Your task → Pictures excluded, reproduce exactly the lines below from the one with "Yesterday I had" through the one with "本来看到有一些大佬说什么这个", both included.

Supplied material →
^^^^

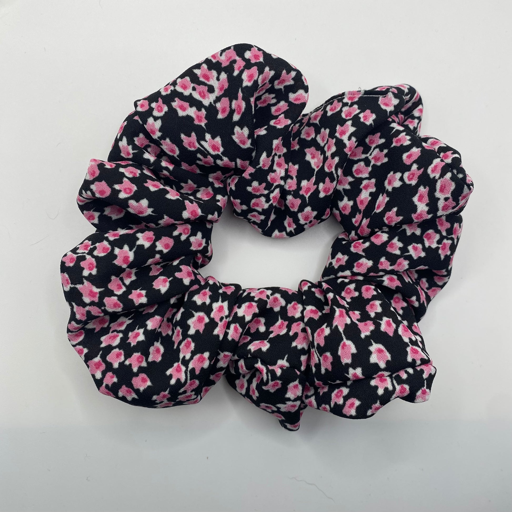 Black and Pink Floral Scrunchie
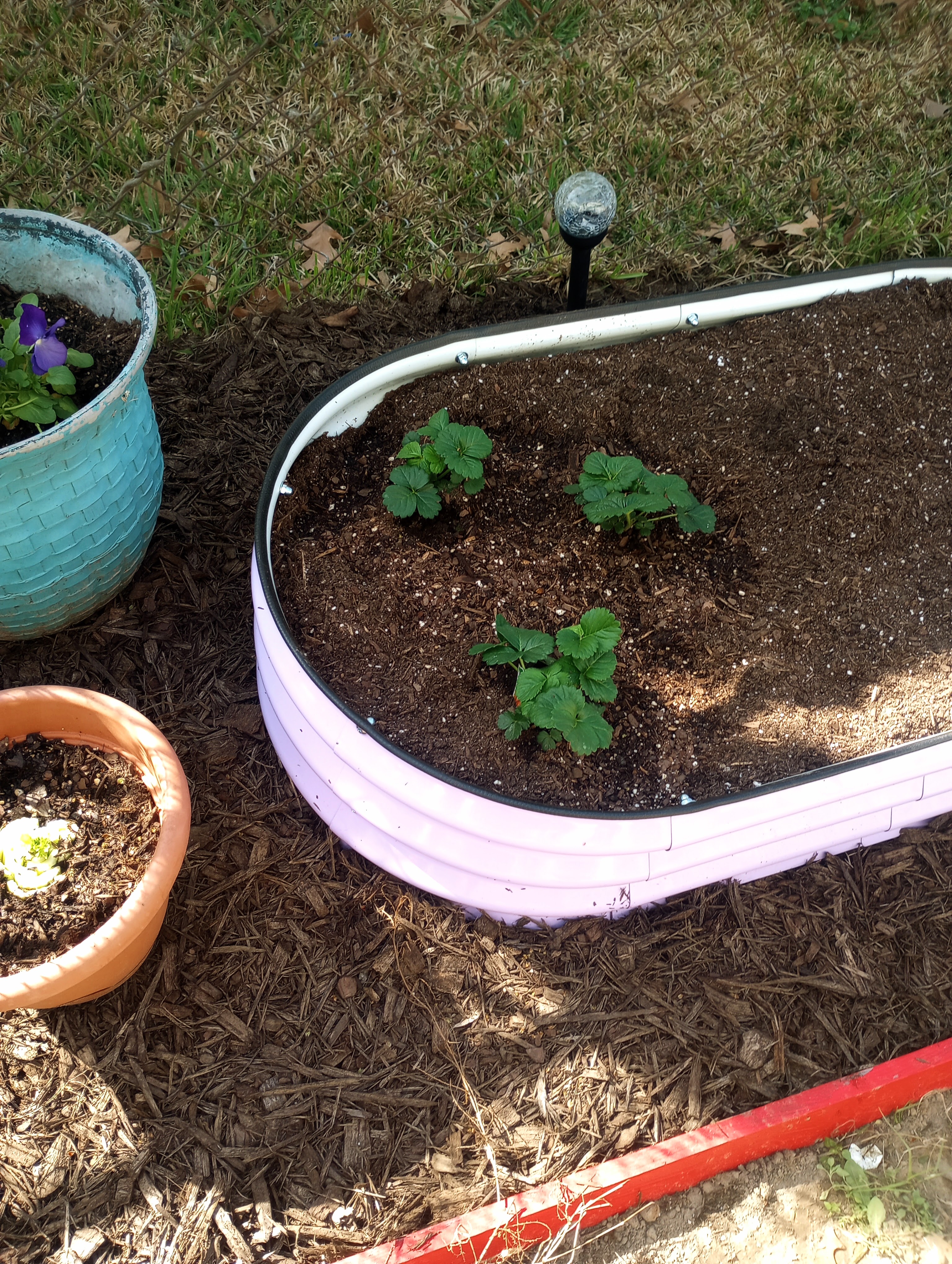 Yesterday I had to run to Home Depot to get the rest of the soil I needed to finish up filling the raised beds. The front garden is so shady that it takes forever for something to grow. I found out that Impatiens and Vincas do well in shade so I looked for some there. No luck so I headed to Walmart where, online, it said the flowers were available. I could not find any of those flowers inside or out. I did find some tomato plants. I do not like the beefsteak or any of the large variety tomatoes. I prefer Roma but the smaller tomatoes are so hard to find for some reason. I picked up the last two that they had. Even Home Depot only had the large variety. While I was there I also picked up some strawberry plants.
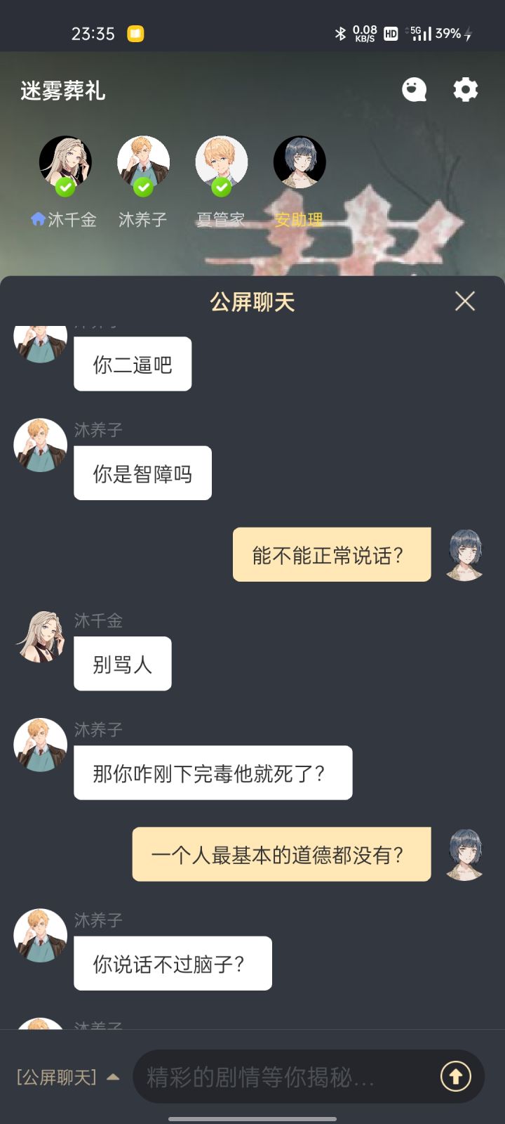本来看到有一些大佬说什么这个游戏的环境很拉胯,但也有很多人说什么都是萌新一起加好友一块玩,的确我已经玩了三把包括教程,但问题就在第四把上,一开局的自我介绍就开始了,我刚介绍我是助理,那个玩家就开始叫起来了,说着什么:别几把助理了。那时候开始就已经有点烦了,然后这一环节就被跳了。在之后我下毒中途在冰箱打翻冰格弄湿了衣服,他又开始说些什么你上厕所上到身上了之类的。其实已经很生气了,但想着还有别的两个玩家,这游戏总要先玩完再说,就当作没看见。但就在第二章,他在死者死亡前半小时去找他,十五分钟后回来,再过了十五分钟就死了,我去问他你在这段时间里做了什么。他反倒生气了,一个劲的骂了起来。我是很生气,但还是保持这一个正常人理该具备的基本素质。中途他两次质问了我为什么下毒,一个劲的说我是凶手,但我早就解释过了两次了。在线索里就有,我所下的毒是两天后发作,而我也很明确的说我就是想杀他,但被人抢先了,我的毒是两天后发作的,他就全然当做没看见,选择性忽略。也就这件事发生之后,我只能表示这游戏环境有待提升,好好的玩个游戏,想着放松自己去的 反倒弄的自己心情不好。😤😤😤
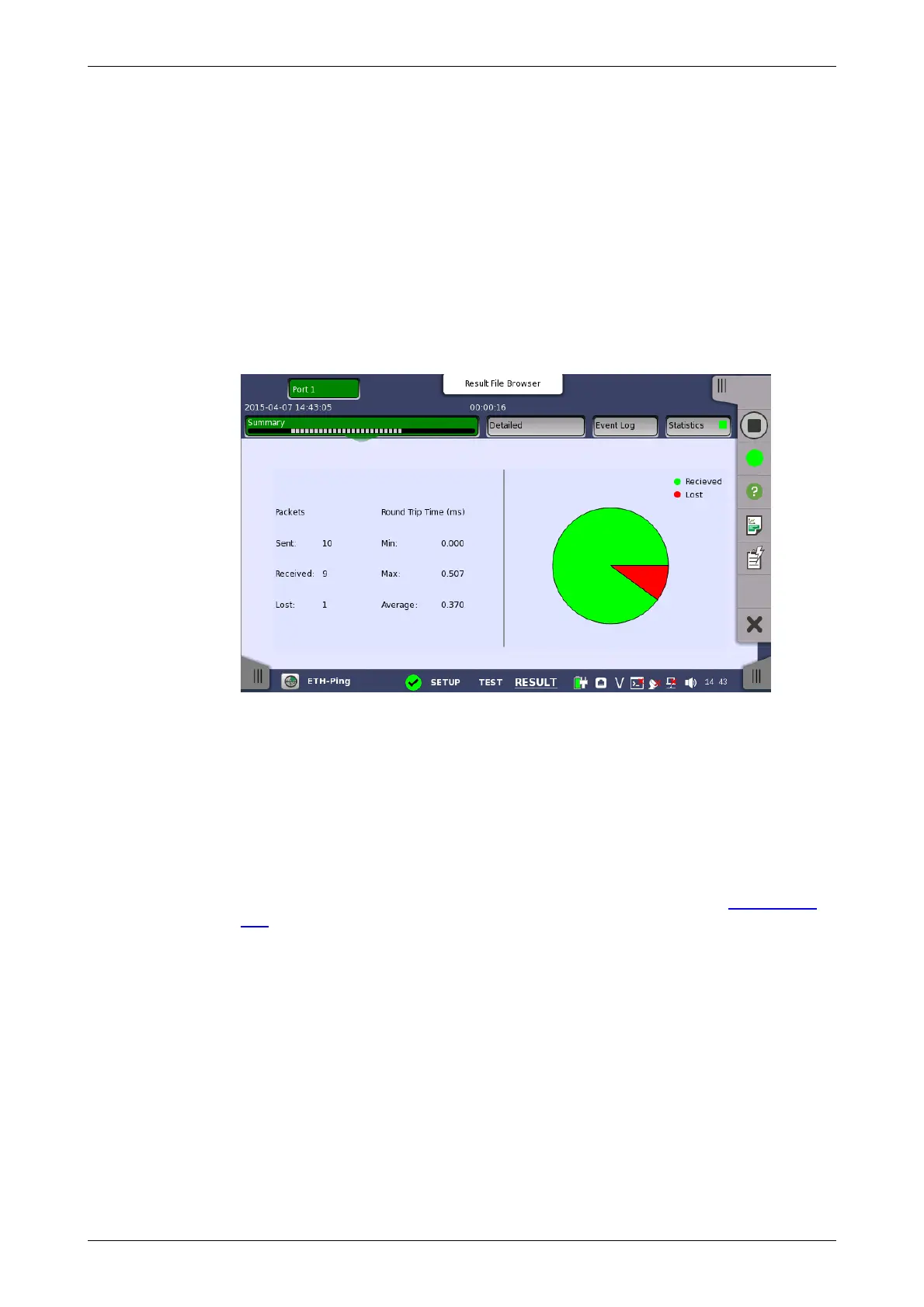 This screen presents a summary of the results of an Ethernet Ping test. The

^^^^

Reply →
 Yesterday I had to run to Home Depot to get the rest of the soil I needed to finish up filling the raised beds. The front garden is so shady that it takes forever for something to grow. I found out that Impatiens and Vincas do well in shade so I looked for some there. No luck so I headed to Walmart where, online, it said the flowers were available. I could not find any of those flowers inside or out. I did find some tomato plants. I do not like the beefsteak or any of the large variety tomatoes. I prefer Roma but the smaller tomatoes are so hard to find for some reason. I picked up the last two that they had. Even Home Depot only had the large variety. While I was there I also picked up some strawberry plants.
本来看到有一些大佬说什么这个游戏的环境很拉胯,但也有很多人说什么都是萌新一起加好友一块玩,的确我已经玩了三把包括教程,但问题就在第四把上,一开局的自我介绍就开始了,我刚介绍我是助理,那个玩家就开始叫起来了,说着什么:别几把助理了。那时候开始就已经有点烦了,然后这一环节就被跳了。在之后我下毒中途在冰箱打翻冰格弄湿了衣服,他又开始说些什么你上厕所上到身上了之类的。其实已经很生气了,但想着还有别的两个玩家,这游戏总要先玩完再说,就当作没看见。但就在第二章,他在死者死亡前半小时去找他,十五分钟后回来,再过了十五分钟就死了,我去问他你在这段时间里做了什么。他反倒生气了,一个劲的骂了起来。我是很生气,但还是保持这一个正常人理该具备的基本素质。中途他两次质问了我为什么下毒,一个劲的说我是凶手,但我早就解释过了两次了。在线索里就有,我所下的毒是两天后发作,而我也很明确的说我就是想杀他,但被人抢先了,我的毒是两天后发作的,他就全然当做没看见,选择性忽略。也就这件事发生之后,我只能表示这游戏环境有待提升,好好的玩个游戏,想着放松自己去的 反倒弄的自己心情不好。😤😤😤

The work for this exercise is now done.